_EXERCISE REQUIREMENTS_
The line with "今日は2学期初めての給食でし" marks the start; please set it down along with all later lines through the end of the material, exactly, leaving out pictures.

_INFORMATION_
################

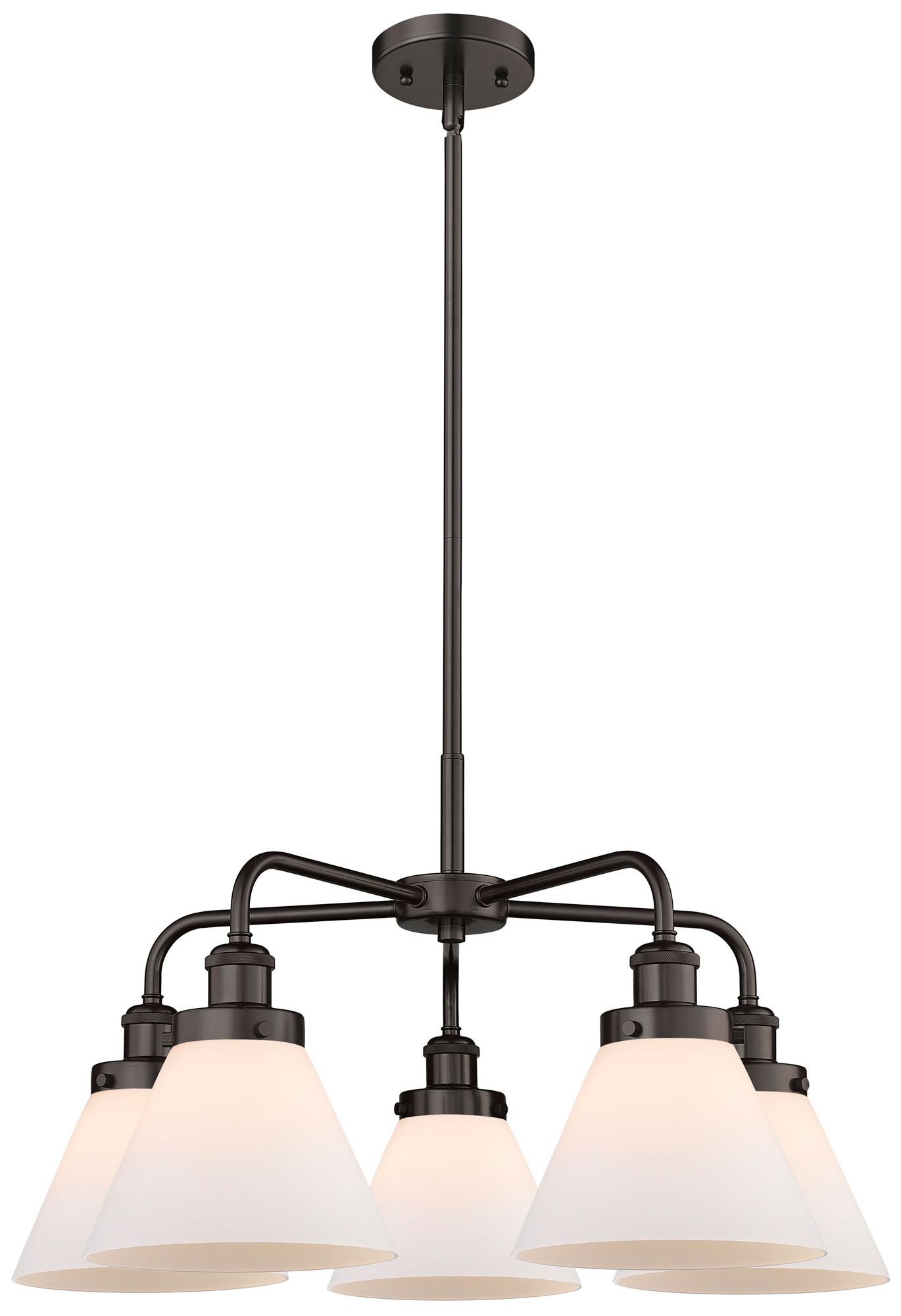 Cone 25.75"W 5 Light Oil Rubbed Bronze Stem Hung Chandelier w/ White S
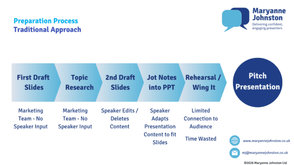 When the presenter isn’t involved early enough, when the audience isn’t clearly defined from the outset, and when slides are built before the narrative is settled, preparation becomes inefficient and unnecessarily stressful.
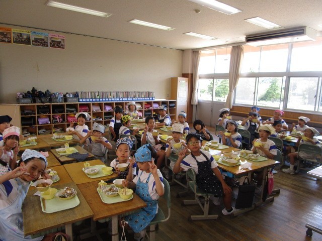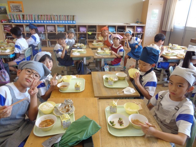 今日は2学期初めての給食でした。協力して準備をして、会話を楽しみながらいただきました。
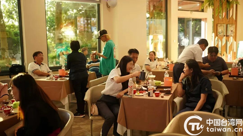 臺(tái)胞受邀聚首海滄豆威咖啡,享受咖啡時(shí)光。(中國(guó)臺(tái)灣網(wǎng)發(fā))
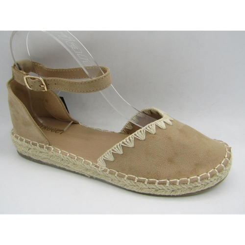 Sandalias de cáñamo de planta baja con bordado y cierre hebilla

################

_ANSWER TO THIS EXERCISE_
 今日は2学期初めての給食でした。協力して準備をして、会話を楽しみながらいただきました。
 臺(tái)胞受邀聚首海滄豆威咖啡,享受咖啡時(shí)光。(中國(guó)臺(tái)灣網(wǎng)發(fā))
 Sandalias de cáñamo de planta baja con bordado y cierre hebilla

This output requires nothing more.